First and former President Ieremia Tabai said that the government's actions has thrown the country into a crisis adding that he and other members of parliament will be raising a motion of no confidence against the government. Tabai also called on the Pacific Islands Forum to issue a statement condemning the government's actions. The motion of no confidence was blocked by government in September 2022 before the Parliament went into recess. Tabai said that the opposition will be countering the move by holding public meetings to make the people aware of the situation because the media are controlled by the government.

===International===

==== Legal agencies and councils ====
Three Commonwealth legal agencies including the Commonwealth Lawyers Association released a statement on 11 August 2022 urging "the government of Kiribati to adhere to the independence of the judiciary in line with the Constitution of Kiribati and international standards as expressed in the basic principles [...], the Latimer House Principles, and the Commonwealth Charter". The association and two others also "urge the Commonwealth Ministerial Action Group (CMAG) [...] to consider the actions of the Kiribati government as a matter of urgency". The legal agencies also spoke out earlier in June 2022 about the investigation of Lambourne by President Taneti Maamau.

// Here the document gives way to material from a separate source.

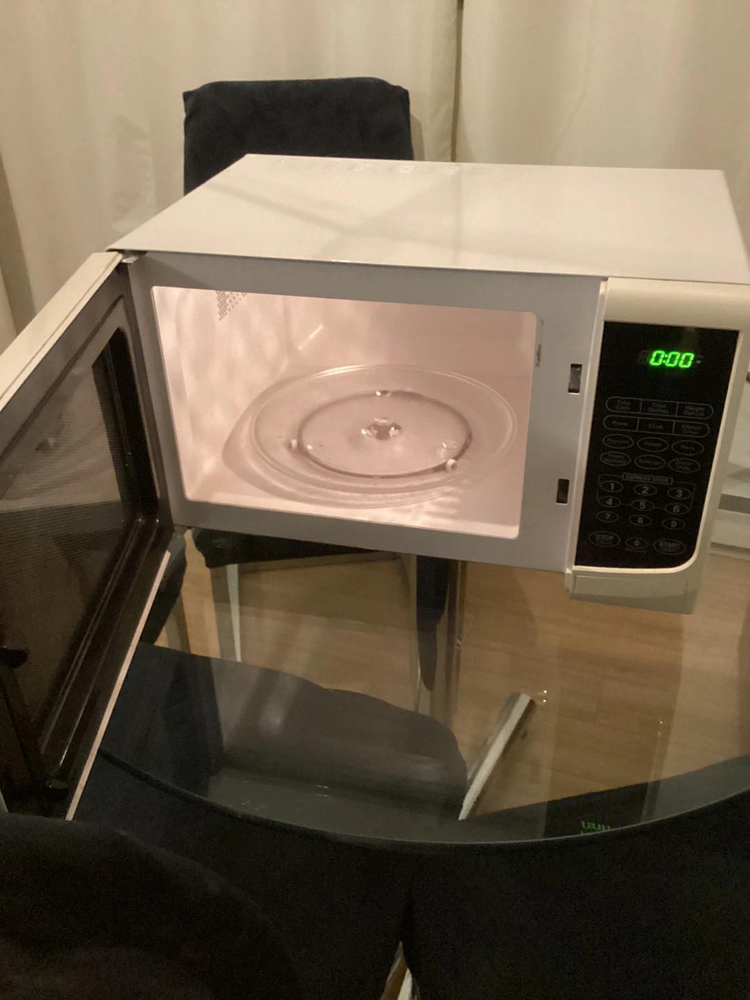White Danby microwave oven. It includes a rotating glass turntable inside. The digital display shows the time or cooking settings. Great for quick meals and reheating. Clean and ready to go! In good used condition. Just changed colour of appliances.

The Law Council of Australia concern is heightened in the knowledge that warrants of appointment for the Court of Appeal expire on 15 August 2022, "and soon Kiribati will have neither a High Court nor Court of Appeal exercising jurisdiction". The New Zealand Law Society condemned the suspension of Chief Justice Bill Hastings and the three Court of Appeal judges adding that "the suspension of three senior judges - owing to disagreement with a ruling - is an inappropriate interference with the judicial process and undermines judicial independence in Kiribati."

==== Governments ====

A spokesperson from the New Zealand Ministry of Foreign Affairs and Trade said that "judicial independence is crucial for any healthy democracy. Aotearoa New Zealand continues to encourage the Government of Kiribati to ensure its decisions do not negatively impact the functioning of the judiciary."
Foreign Affairs Minister Nanaia Mahuta is reported as saying "she expected Kiribati's reputation would be damaged due to the treatment of Justice Hastings."